Recorded data:
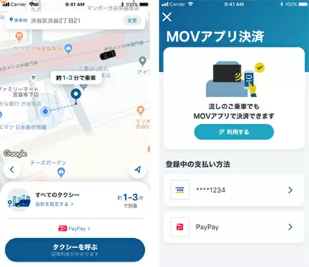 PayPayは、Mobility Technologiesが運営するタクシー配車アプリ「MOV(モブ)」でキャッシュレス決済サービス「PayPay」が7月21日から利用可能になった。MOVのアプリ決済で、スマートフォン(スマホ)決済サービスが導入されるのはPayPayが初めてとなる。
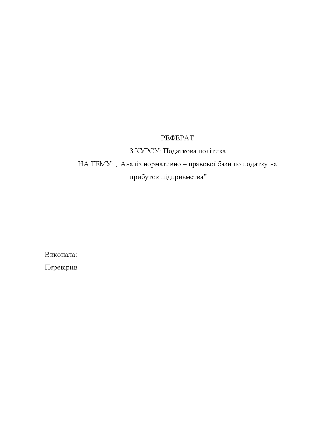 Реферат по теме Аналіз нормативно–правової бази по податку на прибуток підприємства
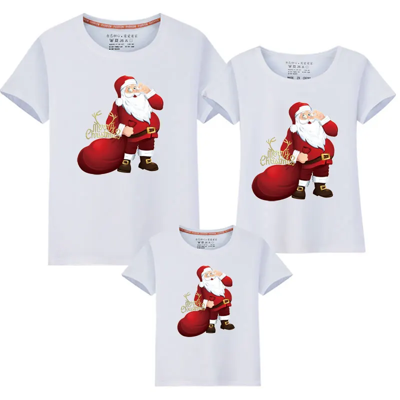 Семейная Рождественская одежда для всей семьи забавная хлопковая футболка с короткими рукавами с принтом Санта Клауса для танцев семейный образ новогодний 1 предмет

Problem description:
Retype the lines starting with the one that holds "Реферат по теме" and ending with the last line of the data above, both included; skip the pictures.

Solution to this exercise:
 Реферат по теме Аналіз нормативно–правової бази по податку на прибуток підприємства
 Семейная Рождественская одежда для всей семьи забавная хлопковая футболка с короткими рукавами с принтом Санта Клауса для танцев семейный образ новогодний 1 предмет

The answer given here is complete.